3. CT Scan
Pada pasien stabil, CT Scan merupakan pemeriksaan pilihan. Tergantung pada
protokol institusi, CT Scan mungkin menjadi pemeriksaan penunjang awal, atau bisa juga
diikuti dengan FAST atau DPL.
Dari CT Scan dapat diidentifikasi sumber perdarahan baik dari kavum abdomen
maupun retroperitoneal (terbatas pada Fast dan DPL). Jika terdapat laserasi hepatik atau
limpa, informasi dapat diintegrasikan kepada gambaran klinis dan penilaian dibuat pada
pasien yang akan dicoba untuk penanganan non-operatif. Perkembangan teknologi CT Scan
telah meningkatkan sensitivitas dan spesifisitas dari pemeriksaan ini untuk mengidentifikasi
cedera pada usus, yang biasanya ditunjukkan melaui helaian mesenterium, cairan
mesenterium, penebalan usus dan/atau udara ekstra lumen.
Berikut ini merupakan alogaritma untuk penilaian terhadap pasien dengan trauma tumpul
abdomen.
Gambar Alogaritma untuk penilaian terhadap pasien dengan trauma tumpul abdomen.
┼
*Pasien mungkin membutuhkan angioembolisasi pelvis post operatif. Jika interval waktu
dari cedera sangat singkat, pemeriksaan ulang FAST lebih dahulu dilakukan untuk
mengeluarkan pasien dari unit gawat darurat atau dalam satu jam setelah pasien tiba.
Indikasi Laparatomi
Perkembangan pada dua dekade terakhir adalah pengunaan penanganan nonoperatif
untuk luka organ visera padat, yang dipandu respon klinis dan pencitraan.

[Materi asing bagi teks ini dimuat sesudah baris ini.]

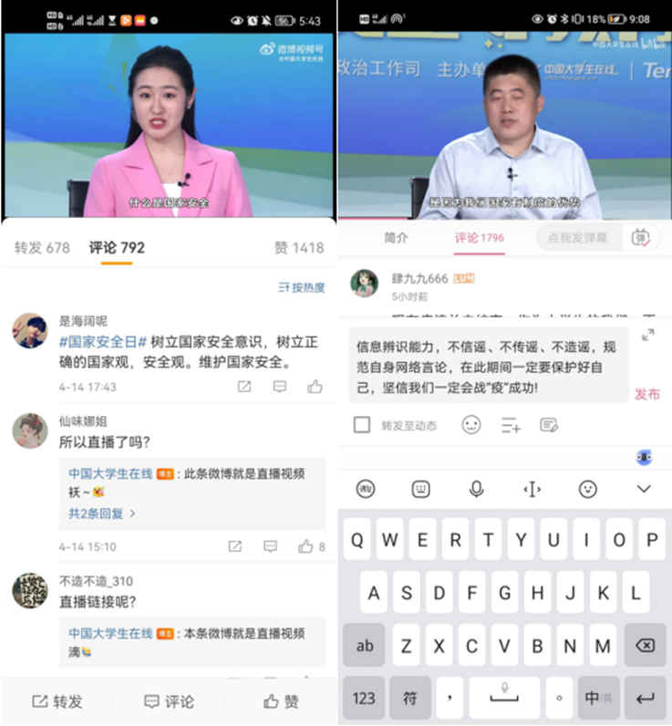 为与线下的主题活动相结合,达到更好的宣传教育效果,学院组织了丰富多彩的线上活动。同学们通过VR全景沉浸式游览、“微博#国家安全日#话题”互动、国家安全日专项答题活动,引导同学们深刻认识当前我国的安全形势,增强同学们自觉保护国家安全、保守国家秘密的动力,使同学们对《国家安全法》《生物安全法》《网络安全法》《国家情报法》《反恐怖法》《保密法》等安全知识有了更深入的了解。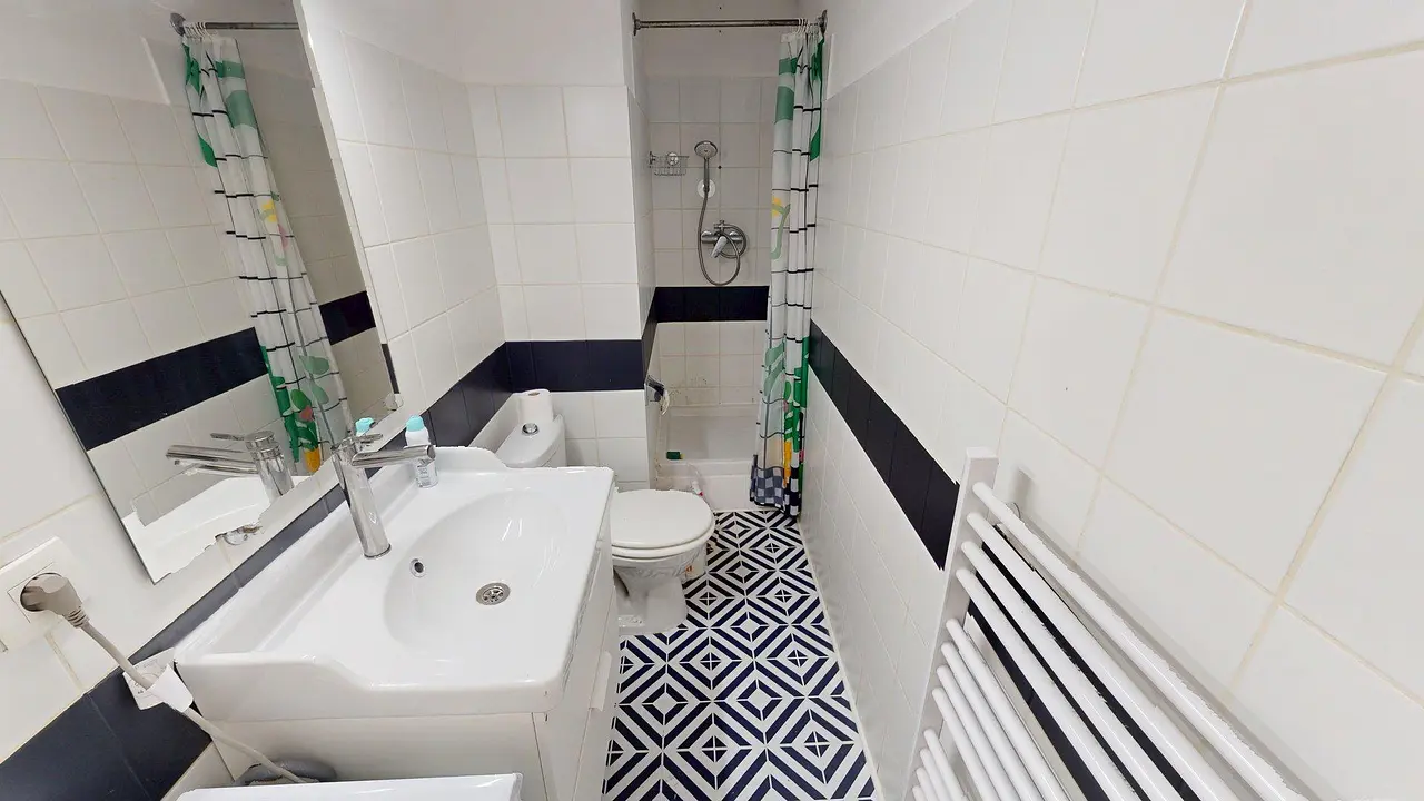 La salle d’eau comprend une douche, un meuble vasque avec miroir, un sèche-serviette, des toilettes, ainsi qu’une machine à laver.
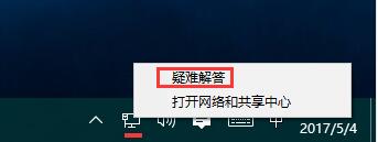 1、右击任务栏的网络图标,点击"疑难解答";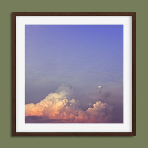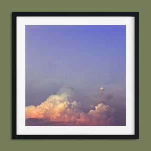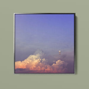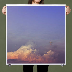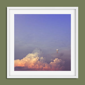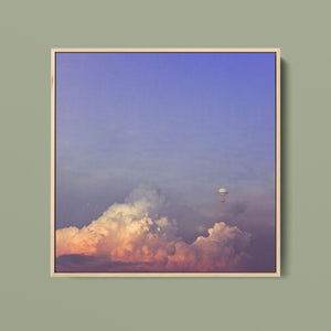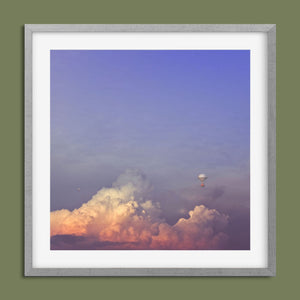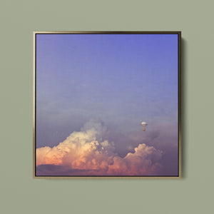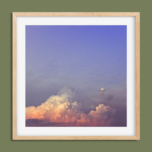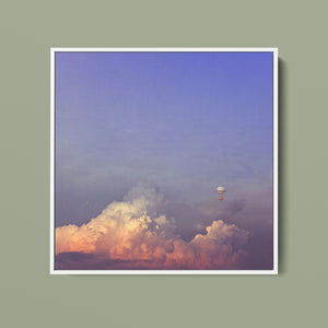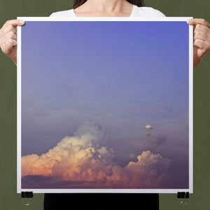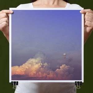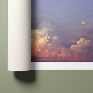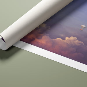 "Above the Clouds" presents a dreamy fantasy scene with a vintage airship floating through a tranquil evening sky. The artwork employs soft purple, pink, and rose gold tones, capturing a serene and adventurous atmosphere. The minimalistic approach and gentle light enhance the feeling of calm and exploration in this imaginative illustration.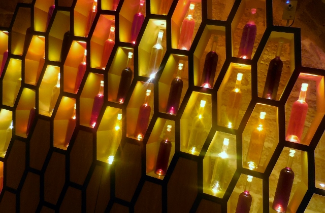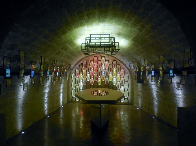 La vue (salle 5) : vous découvrez ici les secrets de la couleur du vin, les nuances de sa robe qui révèlent son terroir et son âge, les formes de bouteilles, les étiquettes. vous comparez les bouteilles éclairées de l’intérieur disposées sur un mur alvéolé.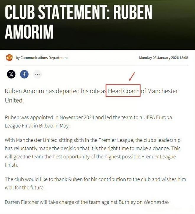 曼聯(lián)管理層在宣布阿莫林下課的公報中寫道:“曼聯(lián)目前在英超聯(lián)賽中排名第6,俱樂部高層經(jīng)過深思熟慮,認(rèn)為現(xiàn)在是做出改變的合適時機?!倍腋邔邮怯昧薱oach而不是manager來描述阿莫林的,這也是讓他很不滿的點??吹某?,高層是對他不認(rèn)可的。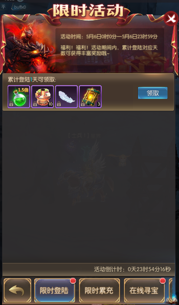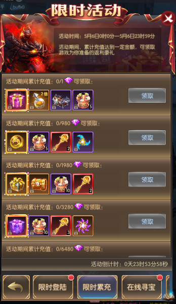 活动简介:活动期间,累计充值达到一定金额,可领取游戏为你准备的返利豪礼
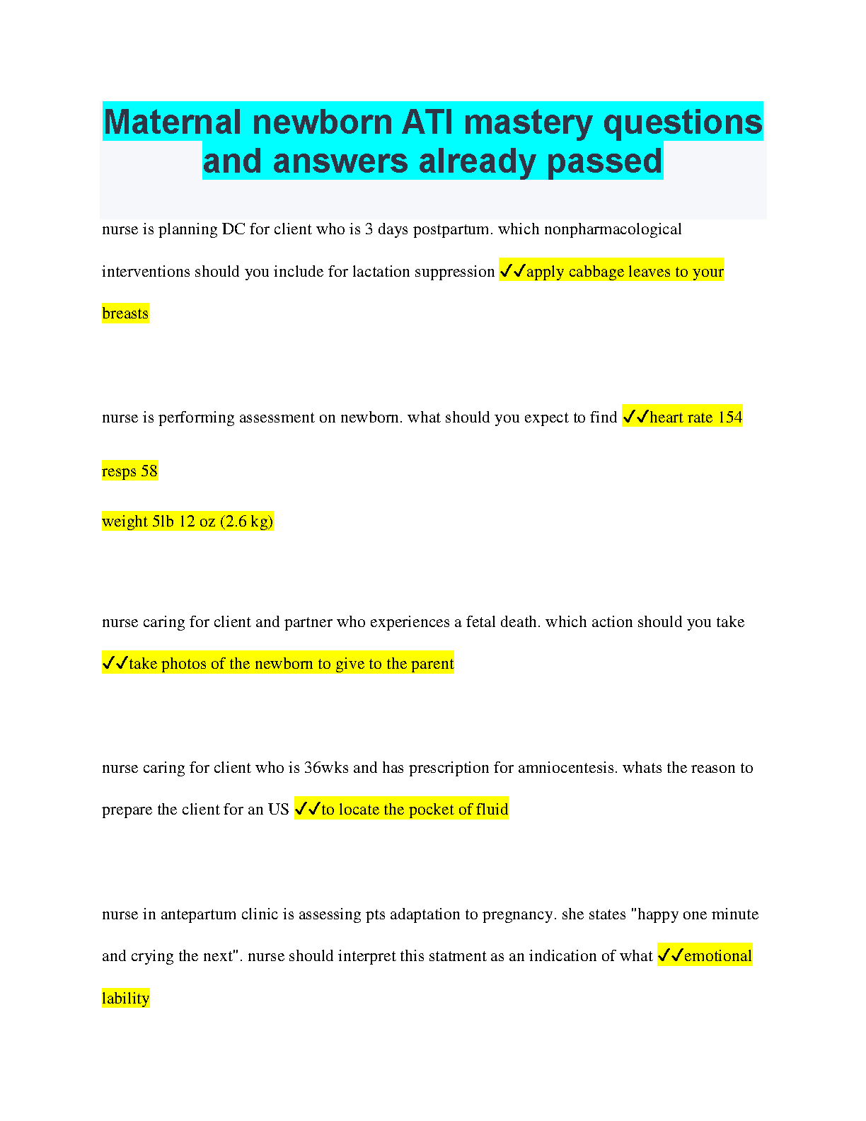 Ace your Maternal Newborn ATI exams with these comprehensive study materials! Our carefully curated questions and answers cover all the essential concepts, helping you master the subject and avoid resits. Get ready to conquer your exams with confidence!

Bukti yang ada
menunjukkan bahwa penanganan nonoperatif pada anak dan dewasa aman dan hasilnya lebih
baik dibandingkan laparotomi pada kasus tertentu. Kandidat untuk penanganan nonoperatif
adalah pada pasien tanpa perdarahan aktif dari luka visera padat tanpa bukti luka organ
berongga atau mesenterik. Jika keputusan dibuat untuk mengobservasi dan melakukan
penanganan nonoperatif, monitor ketat tanda vital dan lakukan pemeriksaan fisik berulang.
Peningkatan temperatur dan frekuensi napas dapat menandakan perforasi organ berongga
atau pembentukan abses. Nadi dan tekanan darah dapat berubah pada sepsis atau perdarahan
intraabdomen. Pemeriksaan laboratorium tambahan, seperti leukosit, hemoglobin dan
hematokrit dan kadar asam laktat dan defisit basa dapat menentukan jika tindakan nonoperatif
gagal.
Data yang tidak lengkap di ruangan gawat darurat, pasien yang tidak dapat dievaluasi,
dan cedera multipel dapat menyulitkan pengambilan keputusan untuk melakukan operasi atau
observasi pada pasien. Laparatomi yang terlambat berhubungan dengan morbiditas yang
serius. Dengan adanya FAST, peningkatan penggunaan CT Scan, dan aplikasi teknik non
operatif yang berhasil telah mengubah algoritma penatalaksanaan secara drastis, termasuk
indikasi operasi. Dua tanda utama yang merupakan indikasi absolute untuk dilakukannya
laparatomi pada trauma abdomen adalah peritonitis dan instabilitas hemodinamik. Bila
dijumpai salah satu atau kedua tanda tersebut, pasien harus segera dibawa ke ruang operasi
tanpa penundaan. Pasien dengan keterlibatan cedera kepala, cedera spinal kord, intoksikasi
berat, dan cedera lain yang signifikan yang membutuhkan operasi emergensi juga
dimasukkan dalam kelompok ini. Walaupun kebanyakan pasien ditangani dengan aman
melalui operasi yang rutin dilakukan, beberapa kebijaksanaan diizinkan untuk dilakukan
berdasarkan stabilitas hemodinamik, waktu yang diharapkan sampai pasien dievaluasi secara
lengkap, dan kemampuan untuk melakukan observasi ketat dan pemeriksaan tambahan.